Não dá para aceitar em um país que quer ser desenvolvido que um mercado tão
importante para a economia, como é a construção civil, funcione fechando os olhos para
esse problema enorme. Isso não podemos tolerar mais. O que eu sugiro é que as
associações de classe e sindicatos mobilizem-se, reúnam-se, divulguem a nova lei e
alertem seus associados com relação às penalidades. A lei prevê, em alguns casos, a
dissolução da empresa, na esfera judicial. Na esfera administrativa, as sanções são
pesadíssimas.
O que sugiro é que o mercado se organize. Tivemos casos na Controladoria de
pequenos empresários que nos procuraram porque não aceitaram pagar propina. Então
não podemos aceitar que empresas de um mercado tão importante quanto a construção
civil não se mobilizem para mudarmos essa situação, que é extremamente problemática
para o País.
Como você vê a participação de grandes empresas, durante anos, desses esquemas
de desvios?
Tenho convicção que as empresas tiveram vantagens financeiras. Com
raríssimas exceções elas de fato se comportaram como vítimas. De maneira geral, não
fizeram assim. Volto a dizer, vítima se comporta como vítima, quando tem
oportunidade de punir o seu algoz, o faz. O mercado está silente. As empresas estão
fingindo que nada aconteceu. E sabemos que elas obtiveram vantagens indevidas,
sabemos que recolheram menos impostos para a Prefeitura do que deveriam recolher.
Dizer que pagavam apenas para agilizar o processo não é verdade. Elas recolheram
menos tributos, no caso do ISS, do que deveriam recolher. E, nesse caso, foram
corruptoras, devendo ser penalizadas por isso. Que vítimas são essas que permanecem
escondidas? Cadê as empresas? Ainda estamos esperando elas aparecerem.
Qual o impacto da entrada em vigor da Lei Anticorrupção?

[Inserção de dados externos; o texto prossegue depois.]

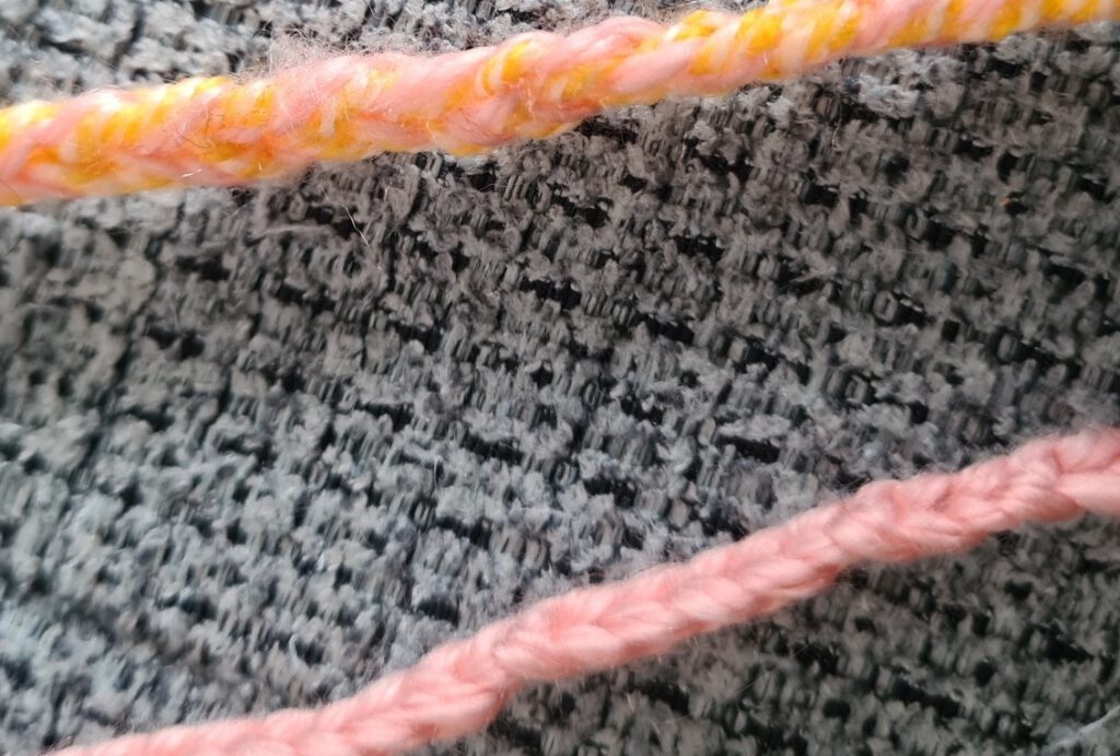 Sobald die Farbe gut getrocknet ist, geht es an die Wollzöpfe. Dafür nimmst du mehrere Wollfäden in bunten Farben und flechtest daraus Zöpfe. Diese werden an der Unterseite der Pappe befestigt. Ich habe hierzu einfach mit einem Locher ein paar Löcher an der unteren Kante gemacht und die Wollzöpfe durchgefädelt.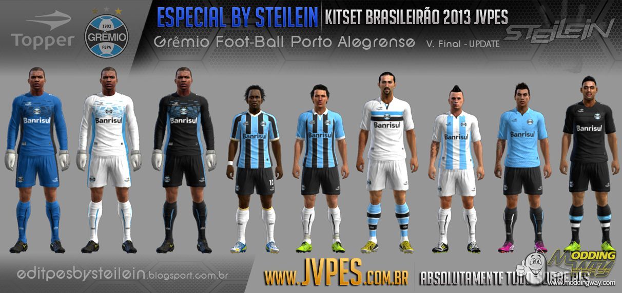 Download Kitset Grêmio 2013 - Especial Brasileirão JVPES. This is a mod for Pro Evolution Soccer 2013 video game.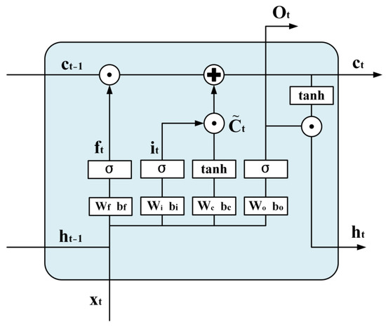 As shown in Figure 2, the LSTM structure includes three control gates: the forget gate, input gate, and output gate. The forget gate calculates the degree of forgetfulness by processing the previous time step’s hidden state and the current time step’s input through a sigmoid unit. The forget gate output is denoted as The calculation formula is as follows: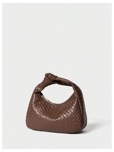 Click for More Images Made of PU leather fabricTop, Handle, Knot, Zipper Closure, Plaid, Textured Pattern, Leather Bag, Vintage Hobo HandbagThe old money handbag is suitable for business, commute, work, office, casual, etcRoomy enough to hold...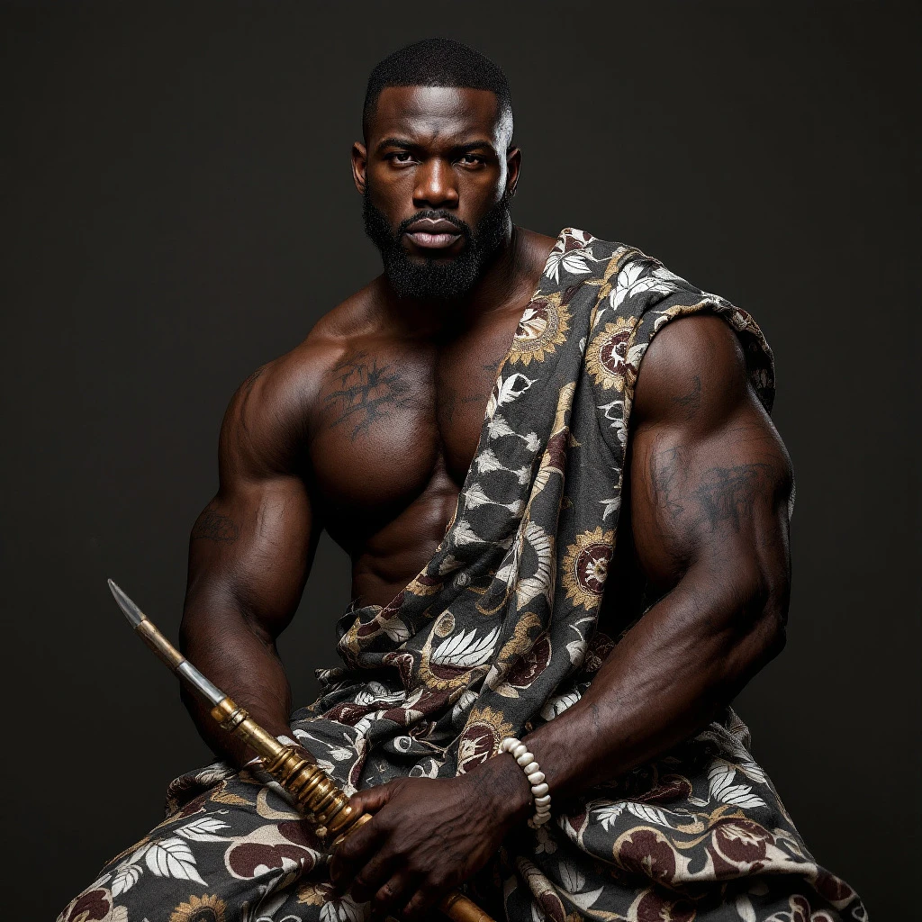 muscular African man portraite shot in agbada nigerian outfit very fit wth big shouylders and biceps and yoruba tribal marks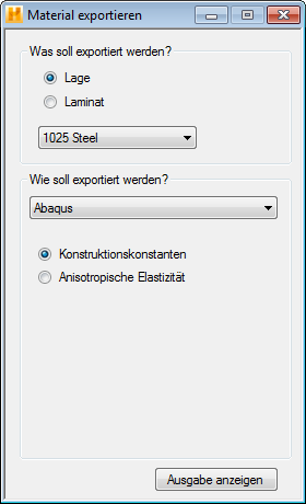 - Abaqus: Wählen Sie die Ausgabe Konstruktionskonstanten oder die Ausgabe Anisotropische Elastizität. Die erste Ausgabe verwendet die Form der Konstruktionskonstanten für das Abaqus-Schlüsselwort *ELASTIC und die orthotrope Form für das Schlüsselwort *EXPANSION. Die zweite Ausgabe verwendet die anisotrope Form für beide Schlüsselwörter, *ELASTIC und *EXPANSION. Der Namen des erstellten Abaqus-Materials entspricht dem Namen der ausgewählte Lage oder des ausgewählten Laminats.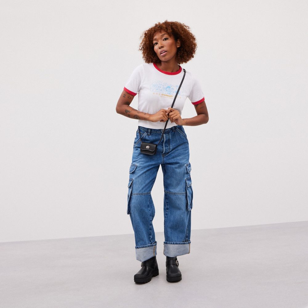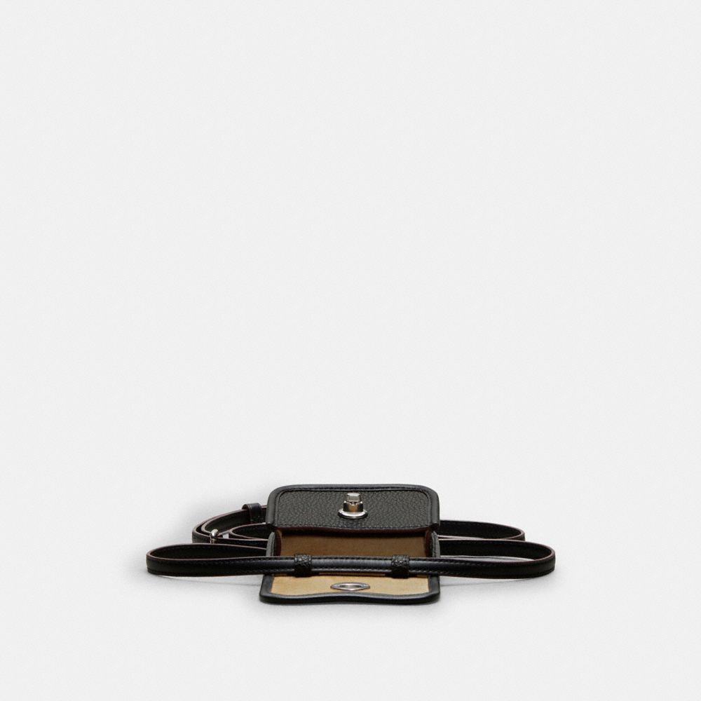 | Shell: Pebbled Coachtopia Leather | (at least 50% recycled from leather scraps) | Lining: Coachtopia Leather | (at least 50% recycled from leather scraps) | Strap: Regenerative leather | Binding: Regenerative leather | Thread: 100% recycled polyester | Labels: 100% recycled nylon | Turnlock closure with 70% recycled resin | Adjustable Regenerative leather crossbody strap with 24 3/4" drop | 4" (L) x 3" (H) x 1 1/8"(W)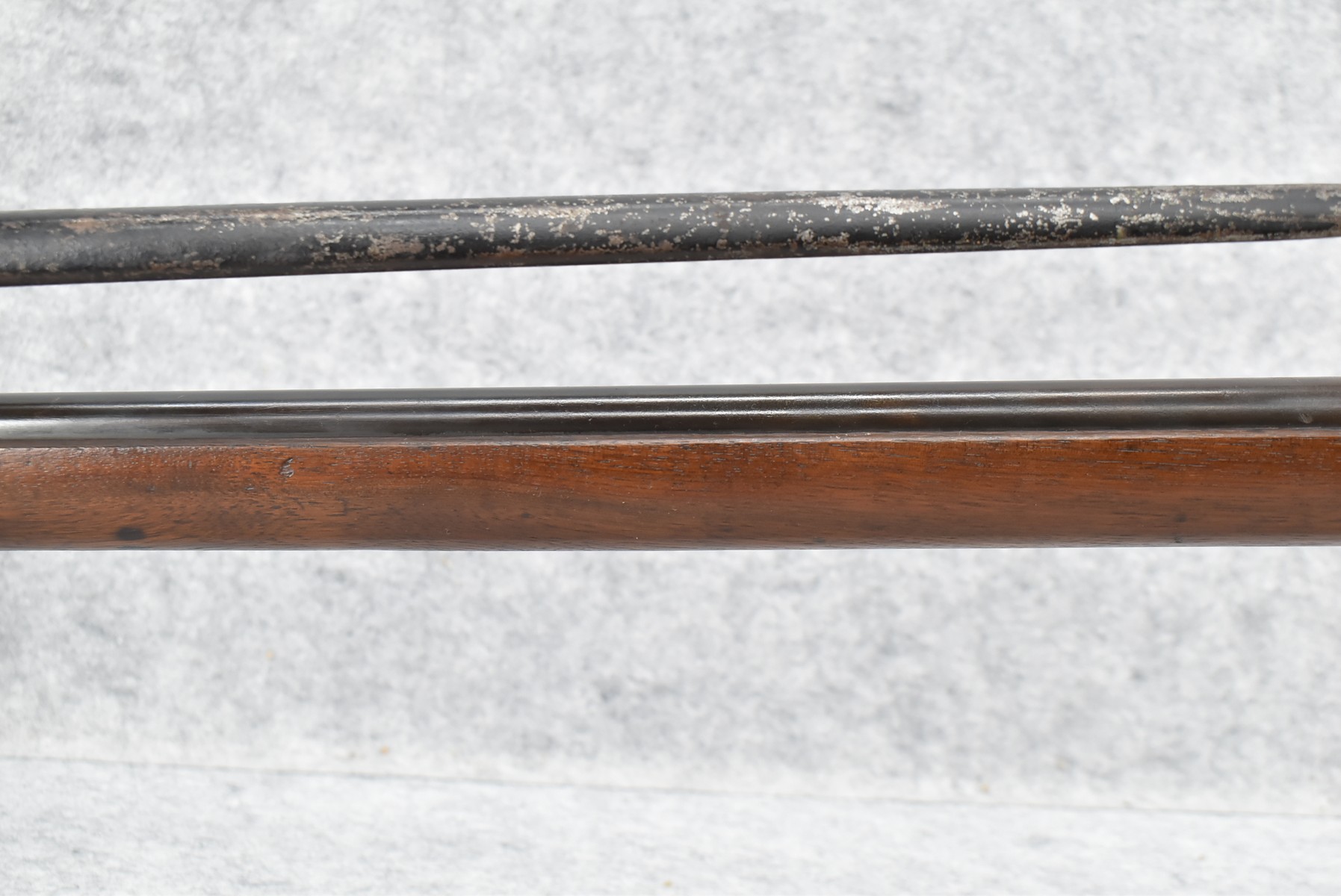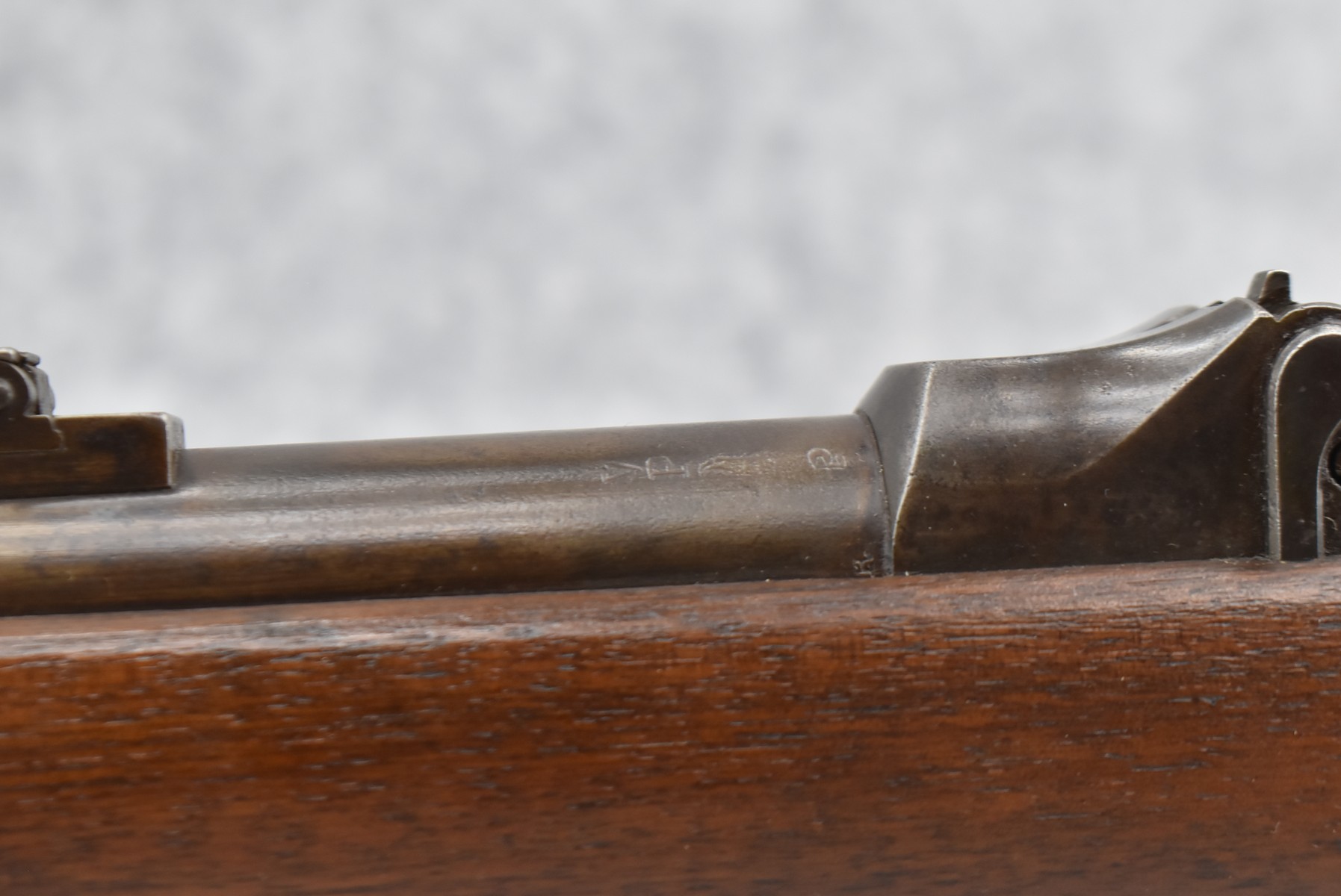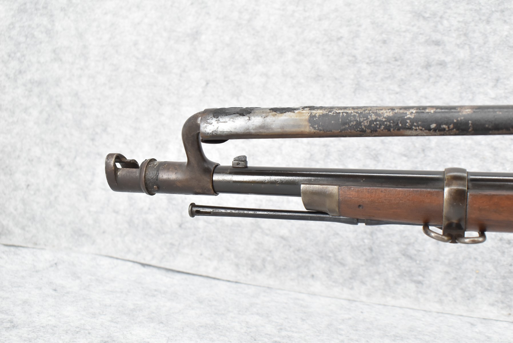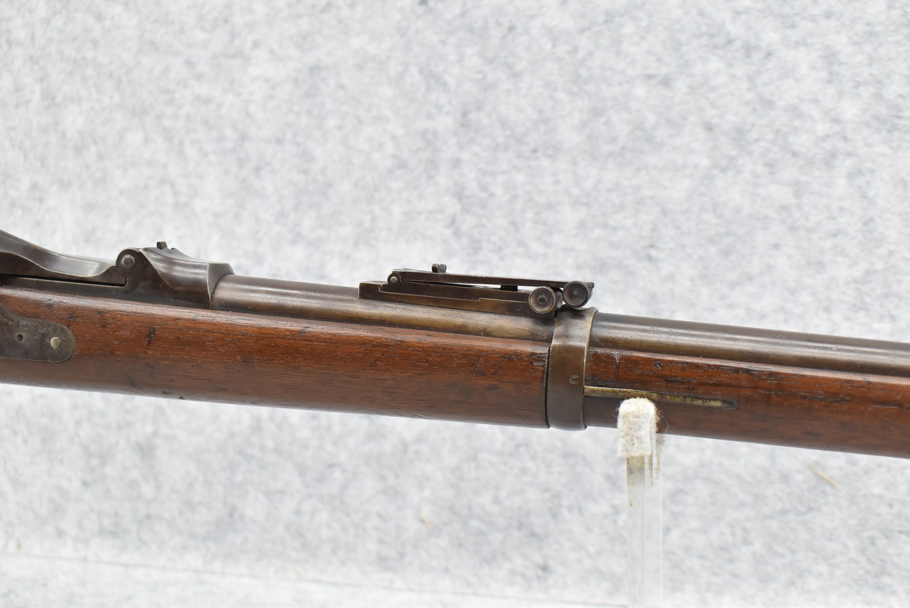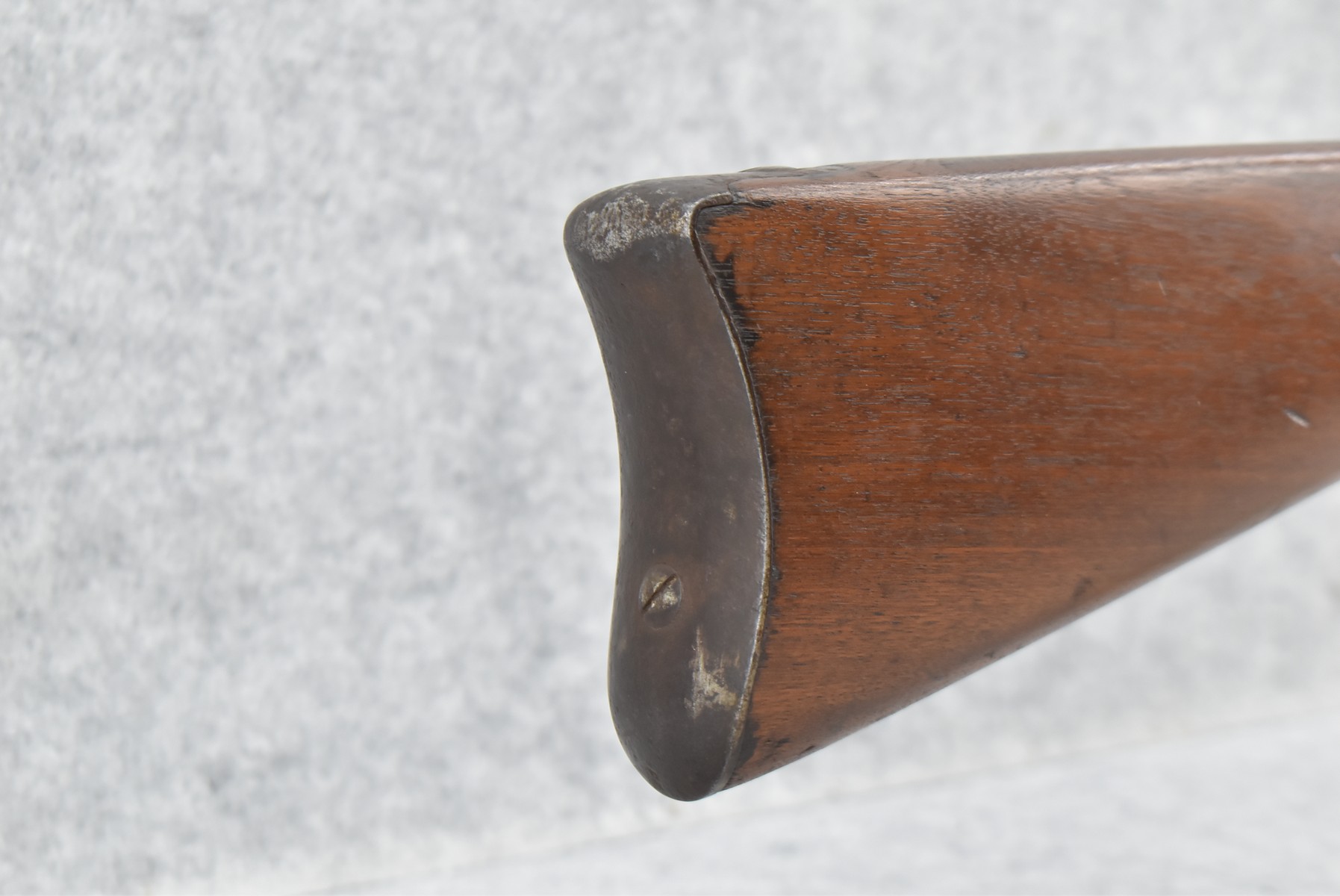 216. Springfield – Mod. 1884 – 45-70 Cal. Single Shot Breech Loading Rifle – w/32 5/8” Barrel w/Blade Front & Buffington Adj. Rear Sights – Blued/Brown Finish – w/Straight Grip Full Wood Stock w/Metal Butt Plate w/Faint Stock Cartouche on Left Side of Stock – w/Cleaning Rod – w/Socket Bayonet & Scabbard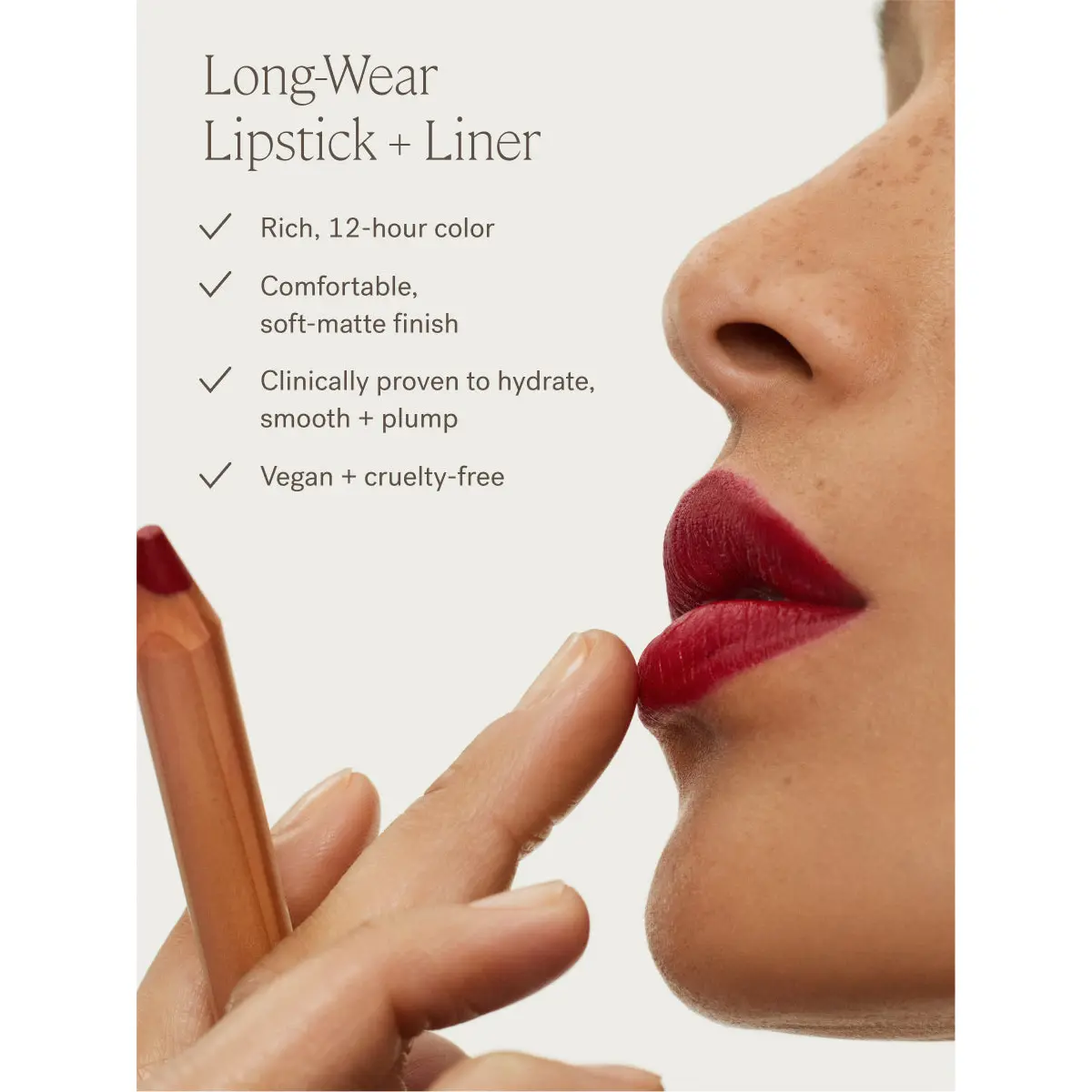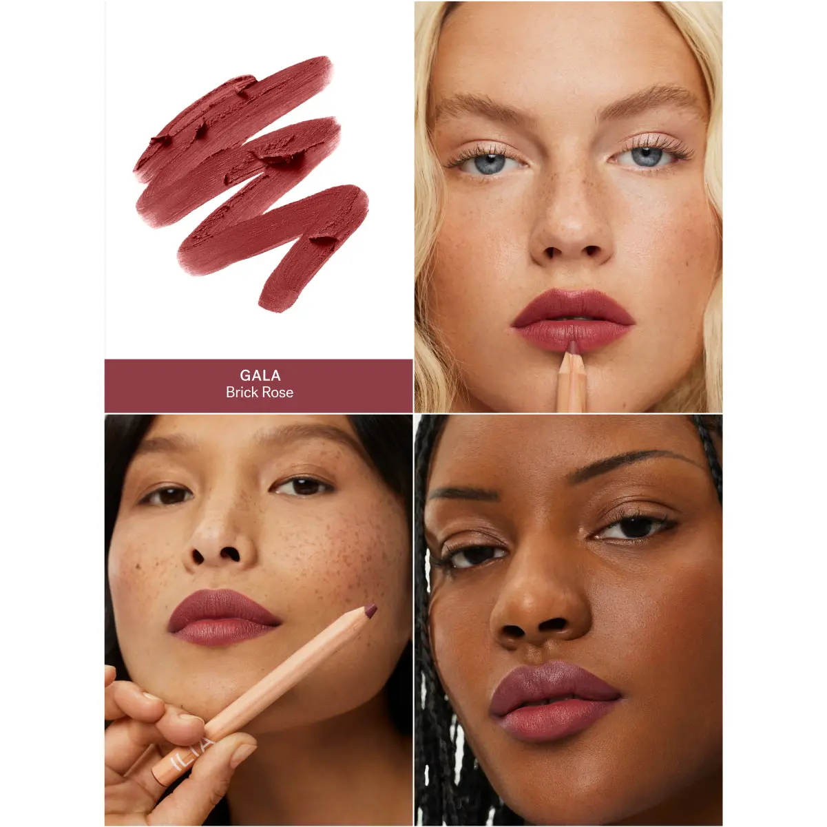 Lip Sketch Hydrating Crayon in Gala glides on smoothly, delivering a rich, brick rose shade with a soft-matte finish. The hybrid liner + lipstick lasts 12 hours and is clinically proven to hydrate, smooth, and plump lips over time.

Ela veio para sanar uma dívida que o País tinha, inclusive com compromissos
internacionais firmados pelo Brasil. Vale lembrar que, dos países que ratificaram a
convenção da Organização para a Cooperação e Desenvolvimento Econômico (OCDE)
contra o suborno transnacional, apenas três países não tinham leis de responsabilização
das empresas: Argentina, Brasil e Irlanda. Agora, o Brasil sai desse rol.
Essa medida vai ao encontro do compromisso internacional de promoção da
integridade nos negócios. É fundamental ter uma legislação como essa para criar um
ambiente de integridade nos negócios. As pessoas tendem a enxergar a corrupção como
um problema do governo. Corrupção é um problema enorme para o setor privado
também: causa concorrência desleal, reduz o nível de investimentos, reduz o nível de
confiança dos investidores. É um ambiente sujo que prejudica as empresas.
Esperamos que, a partir da lei, passemos para uma nova realidade. Em São
Paulo, vamos ser muito incisivos nisso: empresa que pagar propina aqui e for
descoberta receberá uma punição exemplar nos termos da Lei 12.846 – que prevê, por
exemplo, multas que podem chegar a 20% do faturamento bruto anual ou a R$ 60
milhões, no caso do não uso do faturamento bruto para o cálculo.